Throughout President Obama's first term, his Republican detractors desperately tried to convince the public that poor economic conditions were the White House's fault. It was a bad argument that struggled to persuade -- the American mainstream may have a short memory, but folks realized that Obama didn't create a crisis, he inherited one.
What I find interesting at this point, however, is how consistent public attitudes remain on the subject over the course of several years.
Gallup published a report yesterday with this chart, explaining, "Americans are still more likely to blame former President George W. Bush 'a great deal' or 'a moderate amount' than President Barack Obama for the country's current economic problems.

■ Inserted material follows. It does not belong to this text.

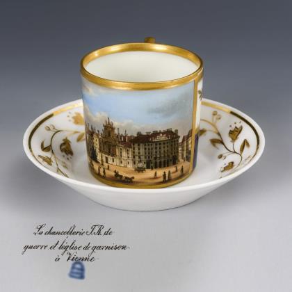 Zylindertasse mit gewinkeltem Henkel. Schauseitig eine goldgerahmte Rechteckkartusche mit der unterseitig in französisch bezeichneten Ansicht der Kaiserlich Königlichen Hofkriegskanzlei und der Garnisonskirche in Wien, verso kobaltblaues Fondband
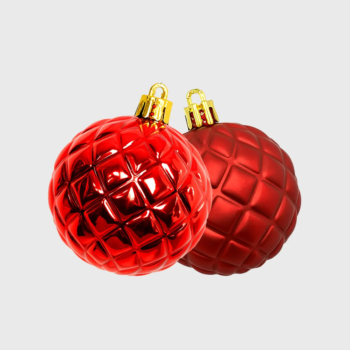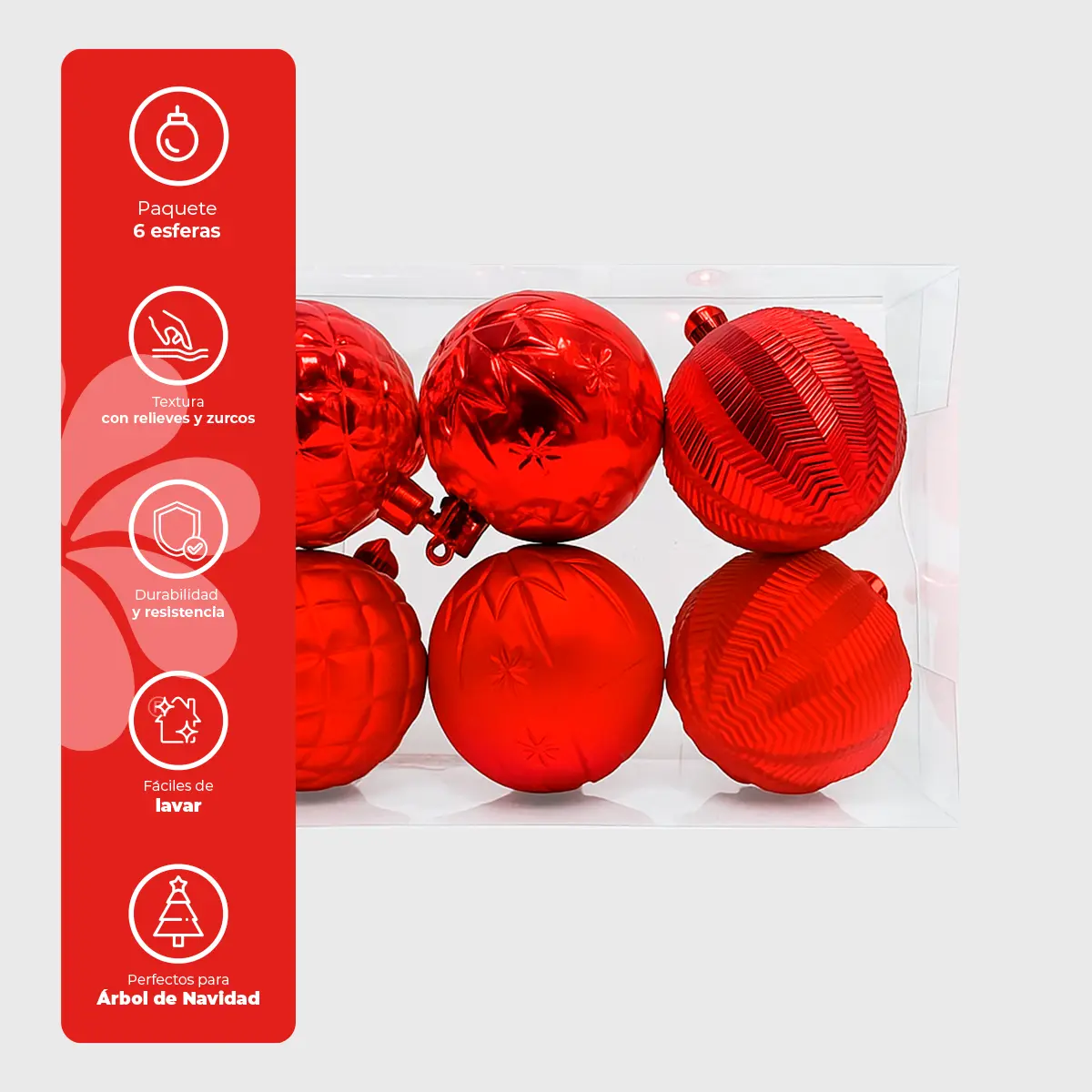 Cada set incluye 6 esferas de diseños surtidos, combinando 3 brillosas y 3 mate, para lograr un contraste elegante y armonioso en tu decoración. Los acabados en relieve añaden textura y luminosidad, haciendo que cada esfera destaque por sí misma.

More Americans blamed Bush during Obama's first year as president in 2009; however, since mid-2010, views have been steady at levels similar to today's."

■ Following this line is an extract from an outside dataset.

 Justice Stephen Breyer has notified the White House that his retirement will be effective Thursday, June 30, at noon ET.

Less than a fifth (19%) of Americans blame President Obama solely for the nation's ongoing economic problems, while nearly twice as many (35%) hold his Republican predecessor solely responsible.
In case you're curious, blaming congressional Republicans wasn't one of the choices available to survey respondents.
The results surprise me, at least a little, because Bush, his comments on immigration this morning notwithstanding, has been largely out of the public eye in recent years. I expected Americans to blame him less partly because of the passage of time and partly because former presidents invariably see their public standing improve after they leave office.
But when it comes to crashing the economy, it appears much of the public still holds a grudge. A trauma this severe is not easily forgotten.